## Task prompt
Provide again, from the entries below, every line from the one containing "The Green-Blue strategies" through the one containing "メール作成画面で- を選択すると、Google ドライブに保存したファイルを添付できます。", exactly as written, and no other line.

## Data
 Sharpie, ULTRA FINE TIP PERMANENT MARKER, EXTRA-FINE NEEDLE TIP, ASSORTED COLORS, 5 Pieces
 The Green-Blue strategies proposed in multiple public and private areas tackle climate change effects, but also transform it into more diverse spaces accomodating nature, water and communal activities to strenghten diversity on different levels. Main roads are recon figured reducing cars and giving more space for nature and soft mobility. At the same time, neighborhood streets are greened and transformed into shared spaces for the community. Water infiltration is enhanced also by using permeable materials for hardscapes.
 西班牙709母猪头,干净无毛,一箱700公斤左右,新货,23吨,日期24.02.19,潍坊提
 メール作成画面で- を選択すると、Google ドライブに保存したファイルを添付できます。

* * *

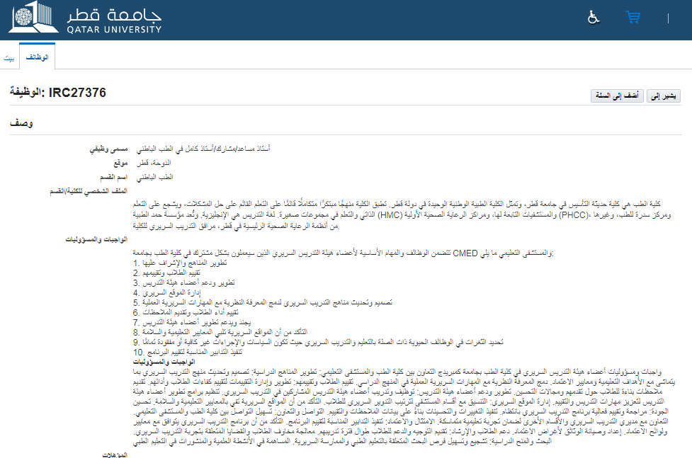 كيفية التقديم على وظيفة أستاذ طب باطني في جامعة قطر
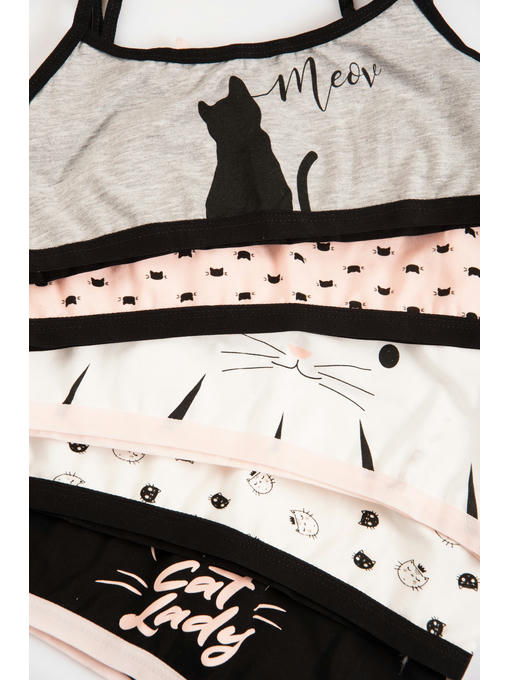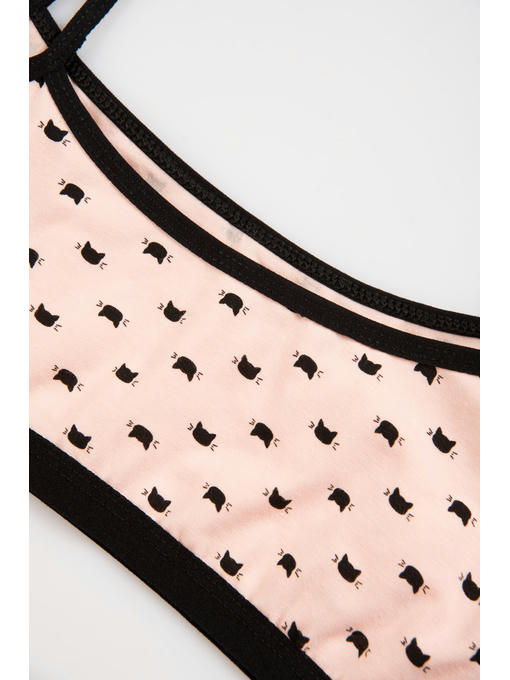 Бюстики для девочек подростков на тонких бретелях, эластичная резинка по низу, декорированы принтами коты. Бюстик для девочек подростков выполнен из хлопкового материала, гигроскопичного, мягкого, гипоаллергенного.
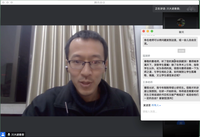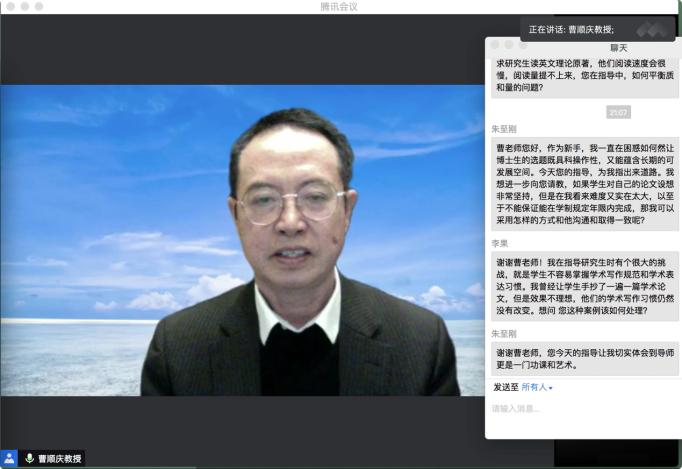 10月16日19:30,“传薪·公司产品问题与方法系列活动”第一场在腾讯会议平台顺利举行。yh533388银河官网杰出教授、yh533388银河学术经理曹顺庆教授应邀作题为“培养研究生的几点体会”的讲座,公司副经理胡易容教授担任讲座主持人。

## Answer
 The Green-Blue strategies proposed in multiple public and private areas tackle climate change effects, but also transform it into more diverse spaces accomodating nature, water and communal activities to strenghten diversity on different levels. Main roads are recon figured reducing cars and giving more space for nature and soft mobility. At the same time, neighborhood streets are greened and transformed into shared spaces for the community. Water infiltration is enhanced also by using permeable materials for hardscapes.
 西班牙709母猪头,干净无毛,一箱700公斤左右,新货,23吨,日期24.02.19,潍坊提
 メール作成画面で- を選択すると、Google ドライブに保存したファイルを添付できます。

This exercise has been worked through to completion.